Some people have first encountered identity theft through
appropriation of their email
address or instant messaging service name, with a spammer
for example using a name that appears on the web (on a
personal or corporate site or in a web newsgroup archive)
as a false identity in messages to people across the globe.
That theft is of concern because most of the online population
has yet to recognise that email addresses are readily
forged and thus assume
that the owner of a stolen address has either authorised
the message or has failed to maintain effective anti-virus
protection and thereby allowed a spammer to propagate
messages from a 'zombie' machine.
Appropriation of an address or online name is also of
concern because it may result in blockage of legitimate
communications from the owner of that name, in some instances
forcing the unfortunate owner to acquire a new name. Some
observers have criticised vigilante online spam filters
for simply blocking names without proper investigation.

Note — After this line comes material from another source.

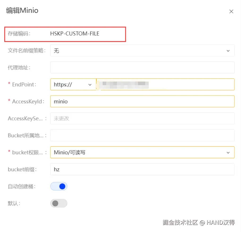 ◈ 然后在文件存储配置中需要同步新增对应的存储编码配置,注意将文件名前缀策略改为“无”

Name appropriation is not restricted to email addresses.
Contacts in China have lamented that their online names
in messaging services such as QQ and their avatars in
gaming or other social
networking spaces have been stolen, typically through
surveillance while using a cybercafe.
That theft poisons their online identity - the owner typically
abandons the name/avatar - and can imperil online relationships.
joe jobs
One of the more obscure forms of online identity theft
is an update of traditional political, personal or corporate
smears, which saw an opponent disseminate a letter or
statement supposedly authored by an entity to be discredited.

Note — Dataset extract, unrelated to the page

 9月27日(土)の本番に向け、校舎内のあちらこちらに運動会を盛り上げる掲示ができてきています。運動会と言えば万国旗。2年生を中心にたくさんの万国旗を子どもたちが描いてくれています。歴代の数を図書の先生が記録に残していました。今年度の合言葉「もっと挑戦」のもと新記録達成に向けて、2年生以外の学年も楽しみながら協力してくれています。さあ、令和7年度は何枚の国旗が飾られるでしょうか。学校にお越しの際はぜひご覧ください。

Such communications in paper formats included fictitious
acknowledgements of sexual or financial impropriety (eg
US presidential candidates 'confessing' to children out
of wedlock or across the colour barrier), endorsement
of unpopular causes such as the Communist Party or fake
attacks on popular causes. They have been characterised
as 'identity pollution' or as 'joe jobs'.
In the online environment 'joe jobs' as part of the digital
intifada or US 'culture wars' have included email messages
that purport to come from figures such as Noam Chomsky,
Hillary Clinton and Arial Sharon or from entities such
as the Israeli government, Procter & Gamble, the ACLU
or World Bank. In 2005 a fake media release outing
Scottish Executive minister Malcolm Chisholm (supposedly
announcing that he wanted to end "speculation"

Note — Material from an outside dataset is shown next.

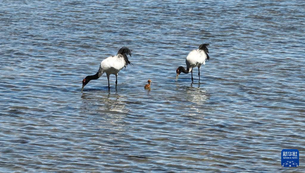 6月9日,一對黑頸鶴夫婦帶著雛鳥在西藏那曲市申扎縣一處濕地棲息、覓食。新華社記者 晉美多吉 攝

about his sexuality and that he was "gay and in love")
was emailed to the media.
The intention of such forgeries is generally to gain media
attention (eg encourage journalists to report a "widely
circulated rumour"), erode a reputation,
reinforce negative perceptions of the subject and provoke
email responses (eg counter messages that flood the real
inbox or result in blacklisting of messages from the owner
of the name).
responses
Responses to email forgery have taken several forms, depending
on the expertise of stakeholders and the type of forgery.
Those responses include -
- acceptance
- scepticism
- prohibition
- a
search for technological solutions
As
noted above, it is clear that many recipients of email
accept the genuineness of illicit messages, whether because
they lack a frame of reference for determining authenticity
or because the content of a message caters to their preconceptions.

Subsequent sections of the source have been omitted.